With little training, the distraught youngsters are at first horrified to see the wound infested by maggots. As many survivors did, the girls in the play use chopsticks to pluck them out, but the situation becomes worse when they must amputate his arm.

In the engaging story, Shikina paints each sister in a unique light — providing audiences with insights into the complex relationship the islanders had with Japan.

Although Okinawa is Japan’s southernmost prefecture, it was formerly known as the Ryukyu Kingdom and not part of Japan until it was forcefully incorporated as a colony in 1879. With its own culture and language, Okinawans frequently faced discrimination.

In the battle, during which 200,000 lives were lost, including 15,000 Americans, one-third of the Okinawan population perished as civilians were often caught in the crossfire.

While some people like Akiko, the middle sister, enthusiastically joined the war effort to serve their countrymen without question, others, including Keiko, the oldest, expressed reservations about committing to a cause she did not understand, preferring to stay behind with her widowed mother.

Yuko, the youngest, is aware of her position. Realistically understanding that she cannot walk away from her duty, she bravely joins her classmates and does her best.

Like the others, she not only suffers from the trying conditions, including living in a dank cave, surviving on one rice ball a day, suffering as she watches people die, but she also endures unwanted advances from a bigoted Japanese soldier.

Unlike the others, however, who take their own lives for fear of being raped and tortured by the enemy, she disobeyed the final command to kill herself.

Tragically, after the order to disband was handed down on June 18, the number of group suicides by teachers and students escalated as did the number of girls killed after being sent out from the caves. In the end, 136 Himeyuri students and teachers died.

In an interview with Kyodo News, Shikina spoke of the positive feedback she received by phone and letters from audience members who were greatly moved by the story and its enlightening content.

Paul Haase, who taught English in Okinawa in the late 1980s, said he was drawn to the play to better understand what happened. At the time he lived there he was unable to learn enough from either the older generation who seemed reluctant to talk about it or the younger population who did not seem to have an understanding of what transpired.

“So I appreciated your play all the more for my minor personal connection with the history and people it presents,” he wrote in a letter. “I feel Okinawans would be proud of the way you told this story of theirs.”

Elaborating on what audiences reacted most to, Shikina said: “I think they were surprised that the young girls were forced to take care of the soldiers. I also think that maybe what moved them was the fact that so many of them died.”

While some like Rob Shaw knew of the large number of American losses in the Battle of Okinawa, he did not realize schoolgirls were used or how it impacted their families.

“I didn’t realize how the whole situation reached into the families,” the Silicon Valley engineer said, remarking on the sad scene when the Miyamoto mother desperately pleads with the teacher to keep one daughter at home.
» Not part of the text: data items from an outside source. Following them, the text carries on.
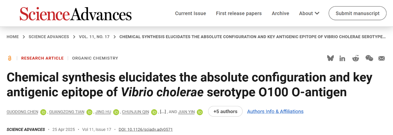 近期,beat365在线唯一官网、糖化学与生物技术教育部重点实验室尹健教授团队在致病菌糖链抗原的全合成及抗原性研究方面取得新进展,研究成果“Chemical Synthesis Elucidates the Absolute Configuration and Key Antigenic Epitope of Vibrio cholerae Serotype O100 O-Antigen”发表于Science Advances(https://doi.org/10.1126/sciadv.adv0571)。
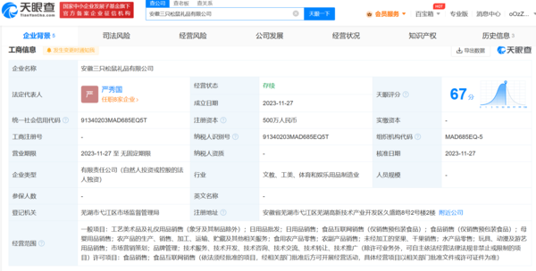 天眼查App显示,近日,安徽三只松鼠礼品有限公司成立,法定代表人为严秀国,注册资本500万人民币,经营范围含工艺美术品及礼仪用品销售、日用品销售、食品互联网销售、食用农产品零售、市场营销策划、品牌管理等。股权全景穿透图显示,该公司由安徽三只松鼠食品有限公司全资持股,后者为三只松鼠全资子公司。(天眼查)
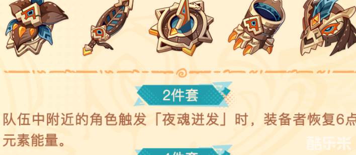 队伍中附近的角色触发「夜魂进发」时,装备者恢复6点元素能量。
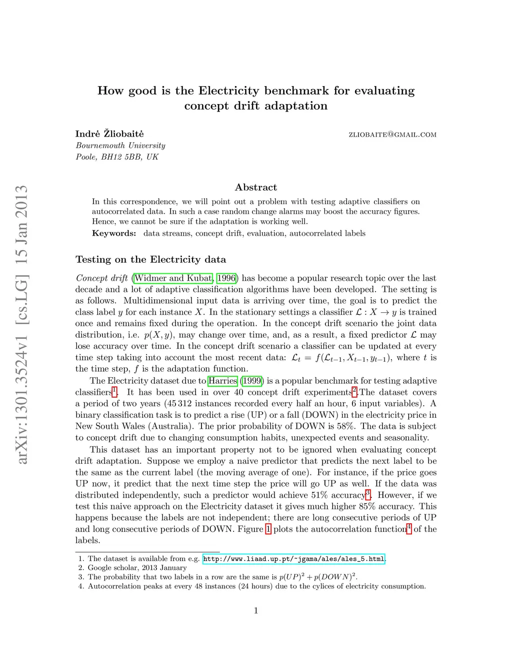 In this correspondence, we will point out a problem with testing adaptive classifiers on autocorrelated data. In such a case random change alarms may boost the accuracy figures. Hence, we cannot be sure if the adaptation is working well.
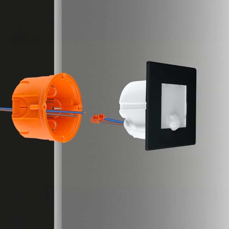 LED zidna svjetiljka sa senzorom za stepenice DPM 1,2W 4000K crna kvadratna
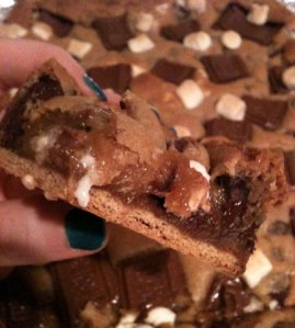I spent quite a while trying to find the perfect s’more cookie recipe and this is the winner. It has the perfect ratio of graham to chocolate to marshmallow, the marshmallows don’t burn, it has both dark and milk chocolate and the cookie dough itself is so good, that I’ve tried making them as straight up chocolate chip cookies (oddly, not that awesome – stick with the s’more cookie bars).
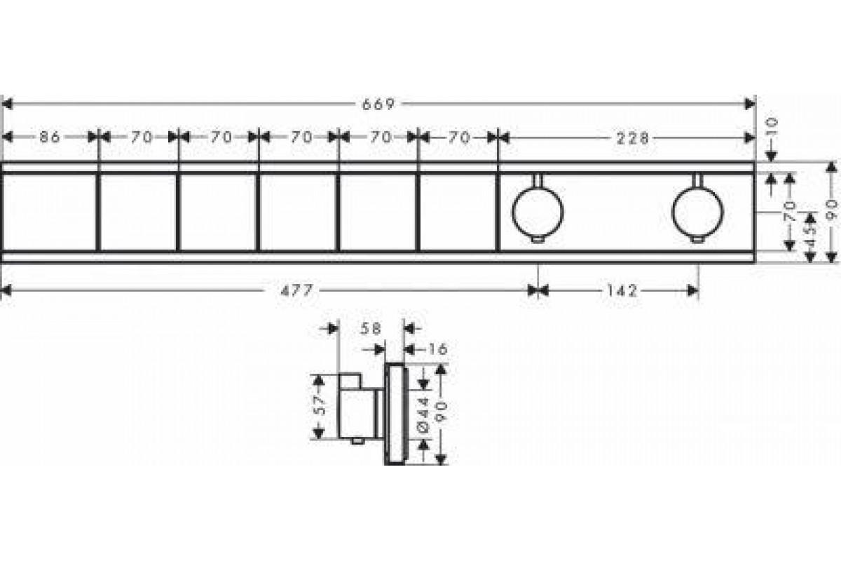 Внешняя часть термостата для душа hansgrohe RainSelect скрытого монтажа на 5 потребителей 15384700, матовый белый
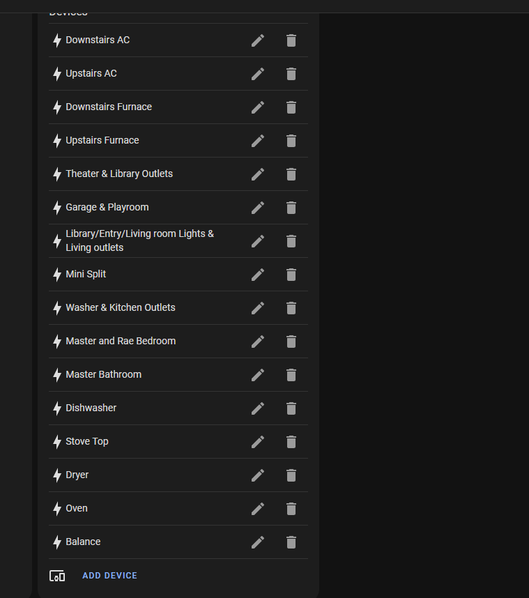 Having some issues here, and am trying to figure outo where I am going wrong…I have an Emporia Vue, so 2 big clamps attached to my mains, and a bunch attached to my others. The way the Vue works, is if its not in those it gets called “Balance”
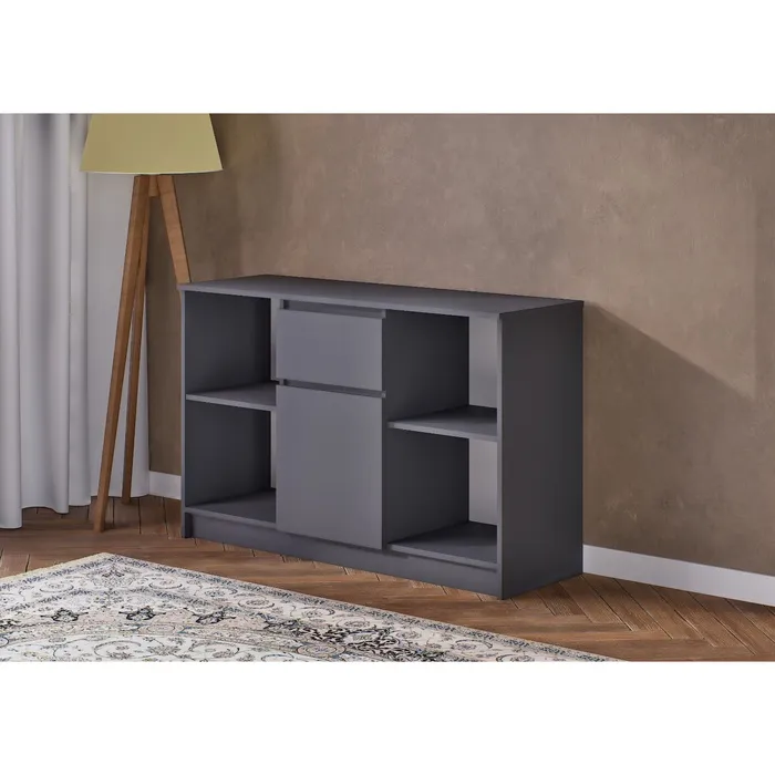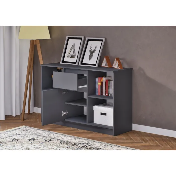 Простое решение для любителей функционального и современного дизайна. Аккуратные линии и графитовый оттенок позволят органично вписаться в общую концепцию комнаты, вне зависимости от выбранного вами стиля.

Another viewer, Sarah Cluff, echoed similar sentiments, saying: “It was totally shocking. I didn’t assume that citizens were called into the cause.” The schoolteacher was also surprised about the discrimination that the Okinawans endured despite their contributions to the war effort and heavy losses.
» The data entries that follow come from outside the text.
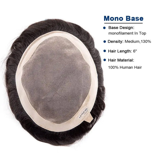 DURA Mono Toupee Hair Durable Man Wig Natural Indian Human Hair Wig for Men Breathable Mens Hair System
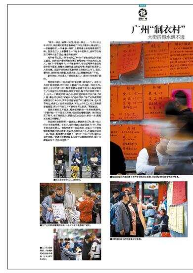 每年春节过后,广州市海珠区“制衣村”都会出现这样的招工盛况。拥挤的大塘街两侧站满了像焉老板一样出来招工的人。他们一手拿着样衣,一手拿着牌子,有的还将牌子放在电动车的车篮里,骑着车绕着街道边走边吆喝,希望引起更多工人的注意。在路中间行走的是前来找工的制衣工人们。驻足,看样衣,询问价格与数量,如果合适,马上跟着老板进厂干活。
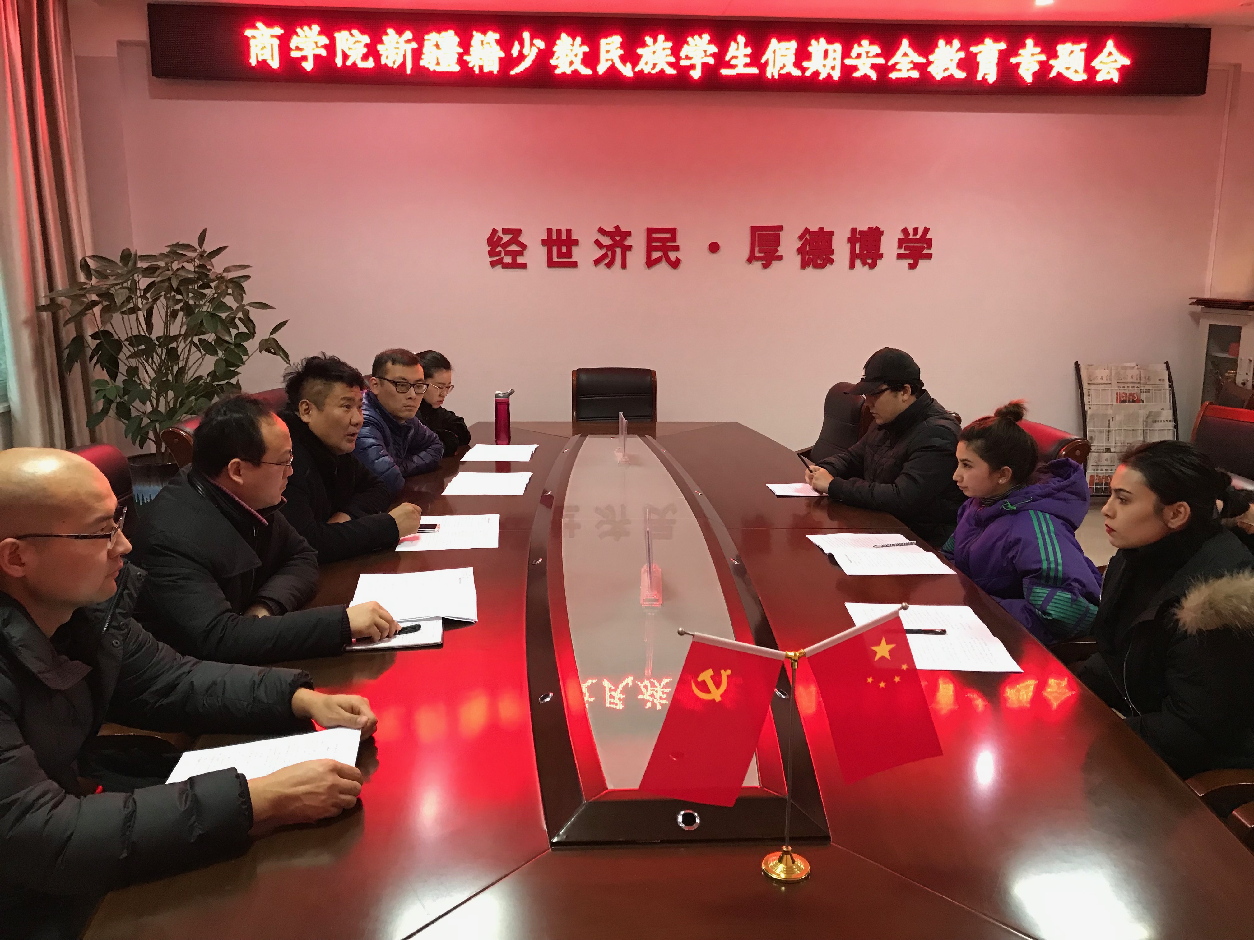 为了加强新疆籍少数民族学生教育管理,进一步增强学生法制观念,提高学生安全防范意识和能力,确保学生过一个安全祥和的寒假。学院于1月10日下午在506会议室召开新疆籍少数民族学生假期安全教育专题会议。新疆内派教师、学生处副处长苏和应邀出席了会议,我院党委副书记王永贵、专职辅导员、班主任及新疆籍少数民族学生共同参加了会议。

It is Shikina’s hope that her play shines a light on this tragic chapter of World War II so that it is not repeated or forgotten.

“I would like for them (audiences) to walk away with an awareness and to be inspired to find out more about the Battle of Okinawa,” Shikina said. “I think it is a large part of history living under the shadow of Hiroshima.”

Although the production closed after having sold out in its final days, Shikina now has her sights set on new possibilities. She has already been contacted by someone in Canada who wants to translate the play into Japanese and there have been suggestions it should be turned into a movie.